Woodman quotes a survey of Low Chibburn made in 1768 on the orders of Sir George Warren.
‘The mansion house … is the remains of a religious house; the walls and timber are extraordinary good, but the slate is much out of repair; it has never been pointed nor any of the rooms ceiled; … The tenants make themselves conveniences for stables, &c., out of what were formerly a chapel and parlours.’
The surveyor was here making a natural, but mistaken, assumption. The house wasn’t a survival from the preceptory. Only the chapel was.
Parker and Woodman fell into the same error almost a hundred years later. The buildings, Woodman says, ‘have not been injured by modern alterations or attempts at restoration’.
While his article was in the press, however, F.R. Wilson gave a lecture at the Lit & Phil showing that the house was post-Reformation so Woodman was able to correct himself just in time by means of a footnote.
Parker and Woodman both note that a floor had been inserted into the chapel, which communicated with the upper rooms of the house by a doorway at first floor level, and that this upper gallery in the chapel had a fireplace. Believing as they did that both house and chapel were medieval, they state that this floor went only two-thirds of the length of the chapel.
Parker says: ‘This has clearly been a part of the original plan, and a good example of the domestic chapel.’
Woodman adds that just such an arrangement existed at Warkworth Castle, as it still does.
Wilson, the architect, spotted that the floor went the whole length of the chapel, as evidenced by a blocked doorway at first floor level at its east end, and how the east window had been divided into two to accommodate the intrusion of the floor.
set the record straight
Mistakes still happen. English Heritage’s panel showing the preceptory in the days of the Hospitallers has the chapel and its associated buildings standing in a circular moated compound. The chapel itself is placed in the southern half of the circle, and the other buildings north of it, all closely hemmed in by the moat.
A tower stands at the west end, connected by a link at right angles to the chapel. Other buildings are dotted about on the north side.
The artist was clearly doing his or her best in the total absence of hard information. Nevertheless, their picture is demonstrably incorrect. Though the moat has been destroyed by opencasting, we have good information from the pre-1960 OS six-inch maps. They show that:
l The moated area was not circular, but oval, with the long axis aligned SW-NE.
l Instead of being rounded at its westernmost extremity, it formed a nearly right angled corner.
l The square cluster of dower house, chapel and related outbuildings was exactly in the centre, and separated from the moat by a wide space.

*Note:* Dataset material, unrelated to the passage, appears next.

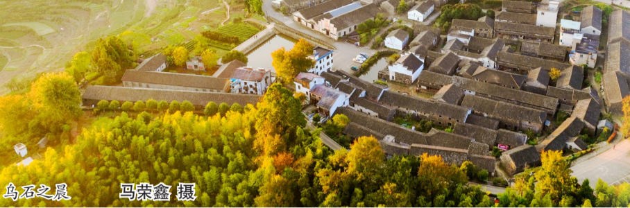
乌石之晨

l The width of this open space was greater on all sides than the chapel is long.
The artist’s reconstruction is clearly wrong, therefore, in several particulars.

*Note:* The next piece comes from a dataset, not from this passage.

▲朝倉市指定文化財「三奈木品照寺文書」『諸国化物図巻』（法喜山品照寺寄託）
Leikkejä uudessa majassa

As regards the other buildings, on the face of it, it’s anybody’s guess what they were like. And certainly the idea that there might have been a pele tower similar to, say Preston Tower, is only common sense.
Everybody now accepts that the dower house is later than the chapel, and this has perhaps persuaded English Heritage to emphasise the point by making the monastic layout look as different as possible from the later Tudor one.
But was it so very different? The Hospitallers’ English headquarters, Clerkenwell, had a cloister on the south side, but three ranges of buildings, including the prior’s lodging, arranged at more or less 90 degree angles on the north side. At Torphichen in Scotland, part of the chapel still exists with, unusually, the cloister on its north side.
A rectangular layout came naturally to medieval builders. Monasteries and Oxford colleges were typically built around hollow squares, whether called cloisters, courts or quadrangles.
It seems to me quite likely that the original preceptory might not have been so different in shape from the later dower house, and that, as at Torphichen and in a less symmetrical form at Clerkenwell, the other buildings could have been arranged in a square on the north side of the chapel.